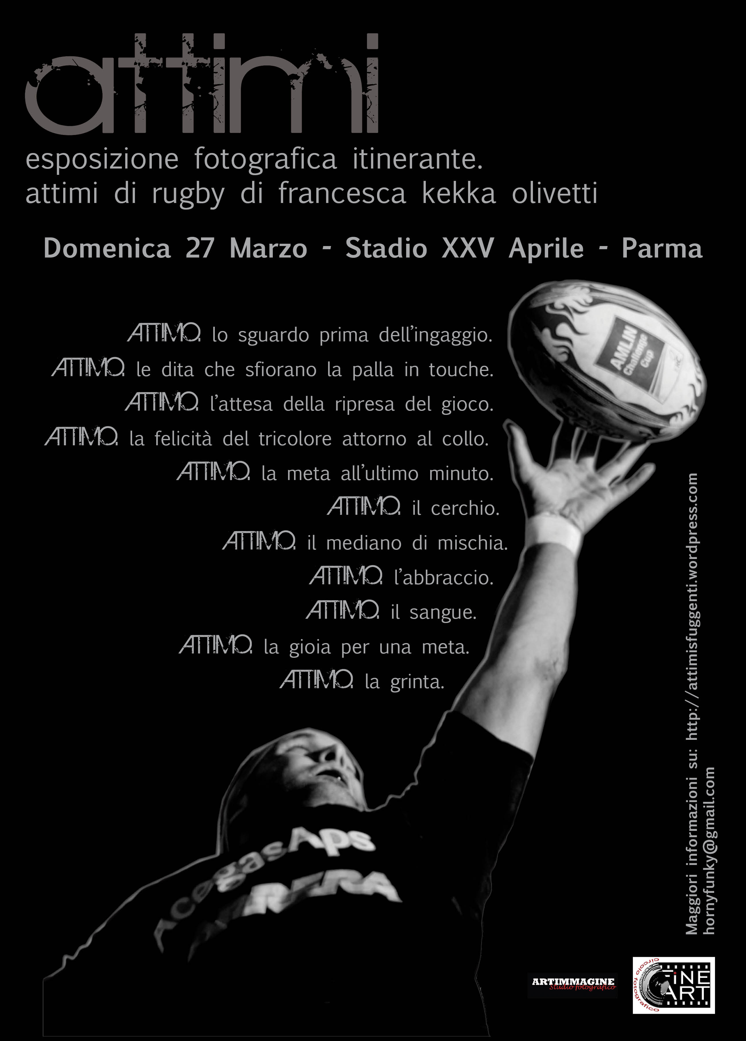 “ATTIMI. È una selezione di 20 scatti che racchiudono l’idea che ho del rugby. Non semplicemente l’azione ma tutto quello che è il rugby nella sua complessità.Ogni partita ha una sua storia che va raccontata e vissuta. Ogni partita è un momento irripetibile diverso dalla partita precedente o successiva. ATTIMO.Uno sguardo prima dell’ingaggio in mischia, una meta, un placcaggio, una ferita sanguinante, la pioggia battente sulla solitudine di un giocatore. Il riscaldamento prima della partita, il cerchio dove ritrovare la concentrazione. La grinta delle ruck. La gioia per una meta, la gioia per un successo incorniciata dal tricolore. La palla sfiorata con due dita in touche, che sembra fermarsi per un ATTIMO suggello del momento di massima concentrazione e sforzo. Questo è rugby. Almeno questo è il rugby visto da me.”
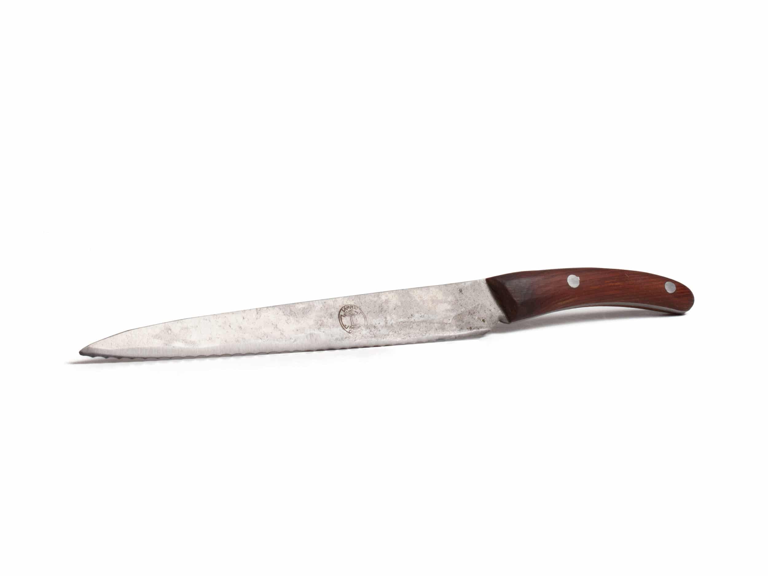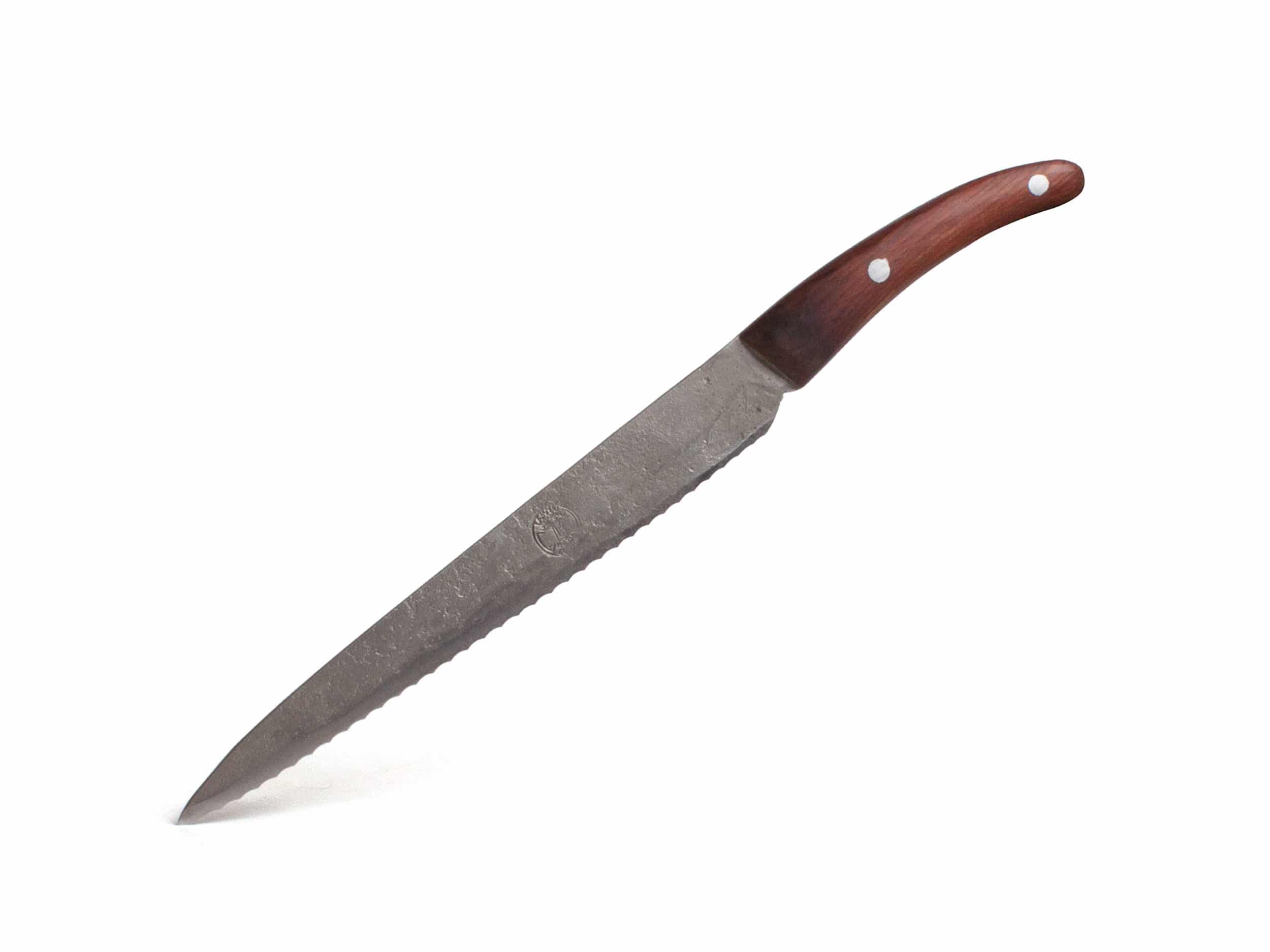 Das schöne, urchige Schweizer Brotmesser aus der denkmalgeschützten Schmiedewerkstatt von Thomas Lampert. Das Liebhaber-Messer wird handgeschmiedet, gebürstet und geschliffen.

==

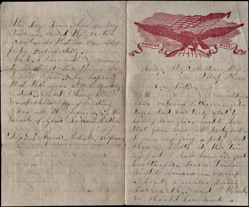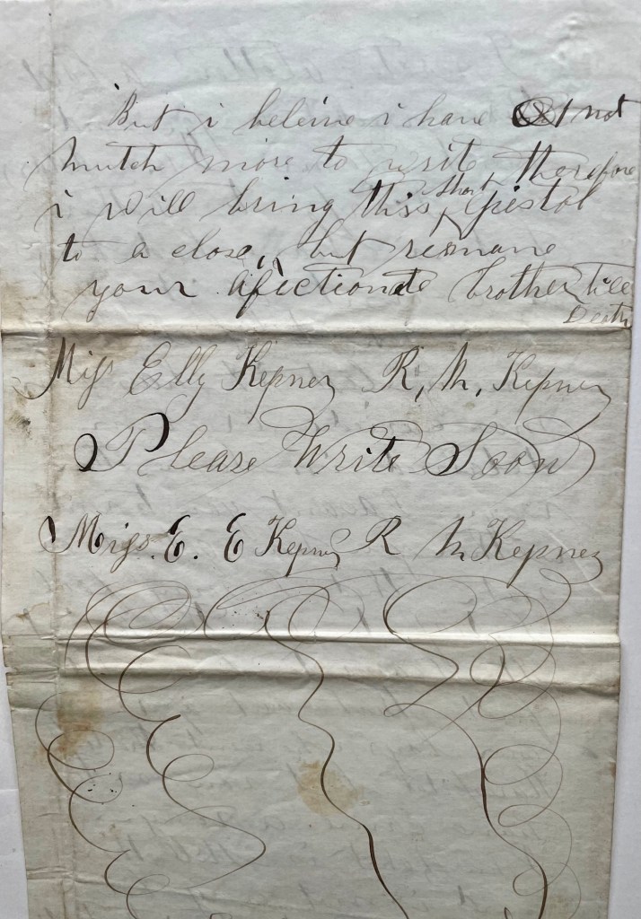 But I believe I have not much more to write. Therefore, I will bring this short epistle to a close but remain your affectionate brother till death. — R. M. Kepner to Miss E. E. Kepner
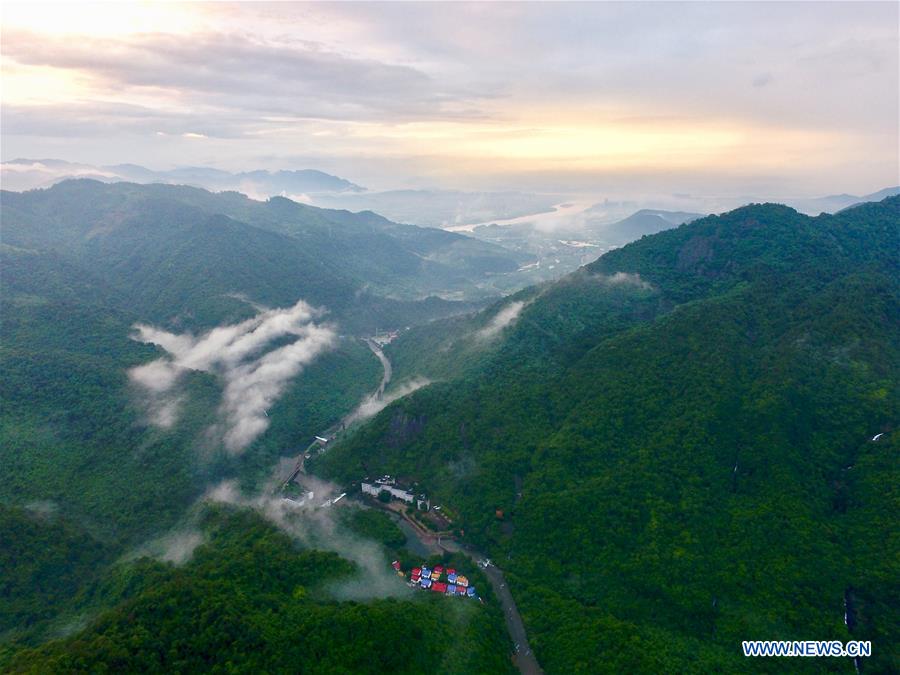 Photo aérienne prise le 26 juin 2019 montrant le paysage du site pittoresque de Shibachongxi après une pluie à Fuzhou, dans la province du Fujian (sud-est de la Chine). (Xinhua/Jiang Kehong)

**Exercise aim:** In the material above, one part opens with the line containing "È una selezione" and closes with the line containing "Das schöne, urchige". Write out that part exactly and skip its pictures.

**Task response:**
 “ATTIMI. È una selezione di 20 scatti che racchiudono l’idea che ho del rugby. Non semplicemente l’azione ma tutto quello che è il rugby nella sua complessità.Ogni partita ha una sua storia che va raccontata e vissuta. Ogni partita è un momento irripetibile diverso dalla partita precedente o successiva. ATTIMO.Uno sguardo prima dell’ingaggio in mischia, una meta, un placcaggio, una ferita sanguinante, la pioggia battente sulla solitudine di un giocatore. Il riscaldamento prima della partita, il cerchio dove ritrovare la concentrazione. La grinta delle ruck. La gioia per una meta, la gioia per un successo incorniciata dal tricolore. La palla sfiorata con due dita in touche, che sembra fermarsi per un ATTIMO suggello del momento di massima concentrazione e sforzo. Questo è rugby. Almeno questo è il rugby visto da me.”
 Das schöne, urchige Schweizer Brotmesser aus der denkmalgeschützten Schmiedewerkstatt von Thomas Lampert. Das Liebhaber-Messer wird handgeschmiedet, gebürstet und geschliffen.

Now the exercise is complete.